Talking to someone on an issue concerning medical negligence, I was reminded again of the doctrine of ‘Uberrima Fides’. First explicitly set out almost 300 years ago !
Mostly used in insurance contracts, it is a Latin phrase meaning “utmost good faith” . All parties to an insurance contract must deal in good faith, making a full declaration of all material facts in the insurance proposal.
And is one that may come back to bite someone, at a stage where nothing can be done. As was held recently ( Branch Manager Bajaj Allialnze Life Insurance Company vs Dalbir Kaur, CA 3397/2020 ), citing Life Insurance Corporation Vs Asha Goel.
The Hon’ble Supreme Court quoted:
“12…The contracts of insurance including the contract of life assurance are contracts uberrima fides and every fact of material (sic material fact) must be disclosed, otherwise, there is good ground for rescission of the contract. The duty to disclose material facts continues right up to the conclusion of the contract and also implies any material alteration in the character of risk which may take place between the proposal and its acceptance.
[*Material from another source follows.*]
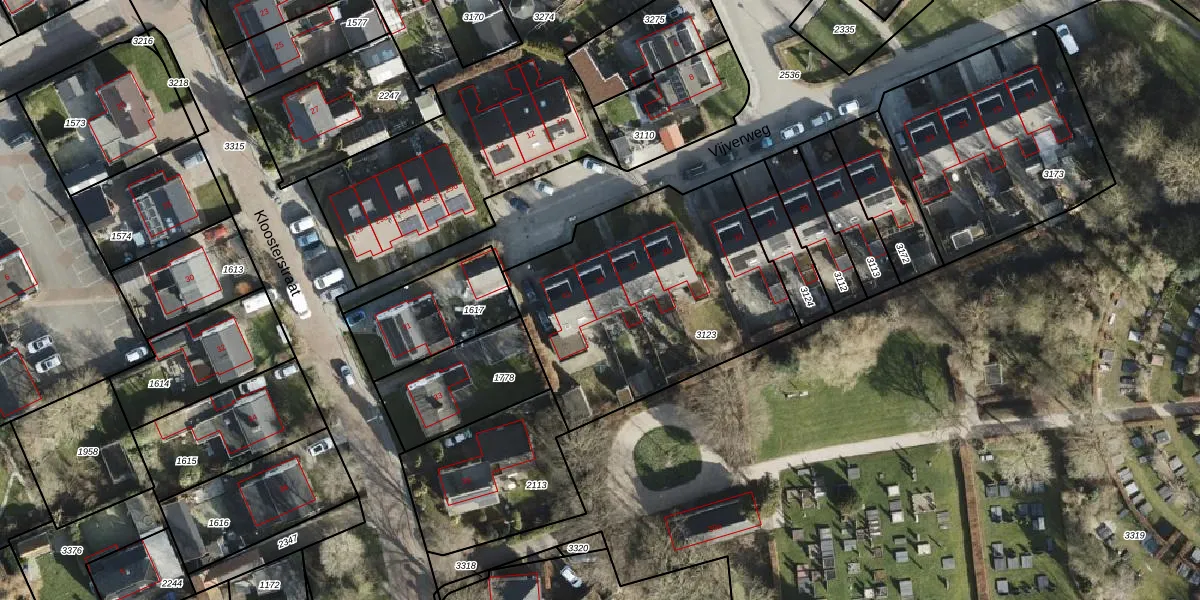 Het perceel waarop Vijverweg 39 staat heeft een oppervlakte van 1253 m². Dit is een zeer groot perceel. De perceeloppervlakte wordt geregistreerd door het Kadaster. Gedetailleerde informatie over de maten van dit perceel kunt u vinden in het rapport Kadastrale kaart met maatvoering van Vijverweg 39.
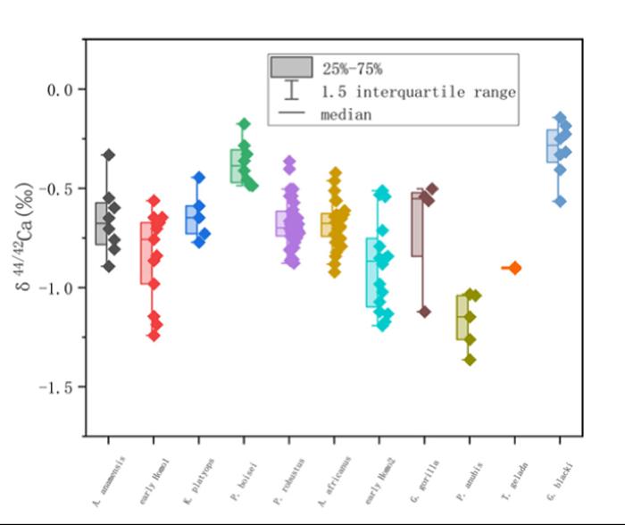 除此之外,本研究还将巨猿的钙同位素值δ44/42Ca与之前已发表的其他的古人类(包括早期人属、南方古猿、傍人、现代灵长类动物等)进行了比较分析(图4)。研究发现:巨猿与傍人鲍氏种(

If there is any misstatements or suppression of material facts, the policy can be called into question. For determination of the question whether there has been suppression of any material facts it may be necessary to also examine whether the suppression relates to a fact which is in the exclusive knowledge of the person intending to take the policy and it could not be ascertained by reasonable enquiry by a prudent person.”
So, generally a good idea not to hide any relevant fact.